Source records:
........
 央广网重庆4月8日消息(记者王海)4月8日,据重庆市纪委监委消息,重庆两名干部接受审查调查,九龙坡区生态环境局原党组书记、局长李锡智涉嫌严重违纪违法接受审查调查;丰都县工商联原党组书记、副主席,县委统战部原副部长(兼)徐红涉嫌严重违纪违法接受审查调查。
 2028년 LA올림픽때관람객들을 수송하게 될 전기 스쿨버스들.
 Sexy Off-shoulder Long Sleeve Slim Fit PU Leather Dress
........
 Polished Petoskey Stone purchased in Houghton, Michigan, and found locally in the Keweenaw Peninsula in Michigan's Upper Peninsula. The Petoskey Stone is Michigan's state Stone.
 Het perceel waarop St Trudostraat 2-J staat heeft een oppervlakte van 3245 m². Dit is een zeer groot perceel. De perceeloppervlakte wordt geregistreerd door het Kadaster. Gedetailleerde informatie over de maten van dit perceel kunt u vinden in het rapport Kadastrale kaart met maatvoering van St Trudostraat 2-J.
........
Your instructions: All lines above between those holding "央广网重庆4月8日消息(记者" and "Sexy Off-shoulder Long", inclusive, must be set down unchanged, and no other line may be included.

Exercise solution:
 央广网重庆4月8日消息(记者王海)4月8日,据重庆市纪委监委消息,重庆两名干部接受审查调查,九龙坡区生态环境局原党组书记、局长李锡智涉嫌严重违纪违法接受审查调查;丰都县工商联原党组书记、副主席,县委统战部原副部长(兼)徐红涉嫌严重违纪违法接受审查调查。
 2028년 LA올림픽때관람객들을 수송하게 될 전기 스쿨버스들.
 Sexy Off-shoulder Long Sleeve Slim Fit PU Leather Dress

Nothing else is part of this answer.